1You can use the option lc(blue) with qfit to make the best fit line blue. You can do the same with the scatterplot using the option mc(blue).
i. Input egen bin_x=cut(x), at(500(4000)200000) to create a new binned version of x.
ii. Use the egen command to generate the mean outcome variable by values of bin_x.
iii. Redo the graph in the previous problem, except replace the scatter- plot with one plotting mean outcome against bin_x (keep the qfit commands the same).
3. To estimate the treatment effect, implement RD using an OLS regression with a linear specification on both sides of the discontinuity. Remember to center your running variable at the threshold. Discuss your results. What’s the meaning of the magnitude of the treatment effect estimate?
4. Repeat the previous problem for two more specifications. The first should use a quadratic specification on both sides of the discontinuity. The second should use a cubic specification. Compare your results with the previous problem.

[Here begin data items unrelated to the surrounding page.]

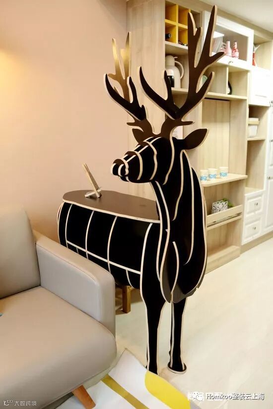 沙发旁边的黑胡桃转头麋鹿书架实在是引人注目,极具个性,是边几,也是一种隔断,偶尔想坐在沙发上看本书,随手就能取出。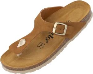 Pantoletten Damen Kos Avelina - elegante Sandalen Made in Spain - bequeme Hausschuhe mit Kork-Fußbett - modische Sommerschuhe Braun UK3,5 - EU36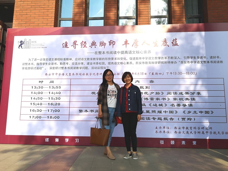 4月18日,由西安市教科所主办的“追寻经典脚印·丰厚人生底蕴——在整本书阅读中提高语文核心素养”主题教研活动在西安交通大学附属中学航天学校召开,我校语文教研组李萍老师、张颖老师参加活动。

5. Next we’ll try nonparametric RD by restricting our sample to a neighborhood around the threshold.
(a) Rerun the linear specification using the subsample of observations whose running variable is at most 5000 more or less than threshold. Repeat with 10000 in place of 5000. Compare your point estimates, standard errors, and sample sizes to previous regressions.
(b) The command rdbwselect y x, kernel(uni) bwselect(IK) generates an “optimal” bandwidth for outcome y and running variable x. Its output is stored in the variable e(h_IK). Input the first command, and then rerun the linear specification using the subsample of observations whose running variable is at most e(h_IK) more or less than the threshold. Compare your point estimates, standard errors, and sample sizes to previous regressions.

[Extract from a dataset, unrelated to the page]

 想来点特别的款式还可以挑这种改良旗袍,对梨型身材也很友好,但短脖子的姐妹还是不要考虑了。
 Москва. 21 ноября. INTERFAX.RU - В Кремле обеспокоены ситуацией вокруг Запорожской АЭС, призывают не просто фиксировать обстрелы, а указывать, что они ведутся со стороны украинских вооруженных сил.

6. For all future problems, we will use the linear specification with the optimal bandwidth. Make sure to rerun the rdbwselect command with each new out- come and running variable.
Let’s look at the effect of the policy on electoral outcomes. Replace the outcome with the share of the vote that went to right-wing parties, measured by the variable right.
(a) Run the regression, and replicate the binned mean scatterplot for this new outcome.
(b) Comment on the results. What’s a story for the sign of the point estimate?
7. Run balance tests using at least four other relevant variables included in your dataset. Comment on the results and what the tests mean.
8. We’ll do a visual placebo test by adding to the binned mean plot in question #2 the same scatterplots and quadratic fits for two new outcomes, the share of valid votes in the 1994 elections (prior to rollout of electronic voting), and the share of valid votes in the 2002 elections (when all municipalities used electronic voting). Comment on the shape of the plots.
9. Lastly, we’ll implement a visual version of McCrary’s density test. Create a new variable tabulating the number of observations within each bin of the bin_x variable.2 Graph a scatterplot of the new variable against bin_x, restricted to values of the running variable between 15,500 and 100,000. Also include a vertical line at the threshold. What does the graph indicate?
2Hint: generate a variable ones equal to 1 for all observations. Then use egen to create a new
variable that sums ones within each bin.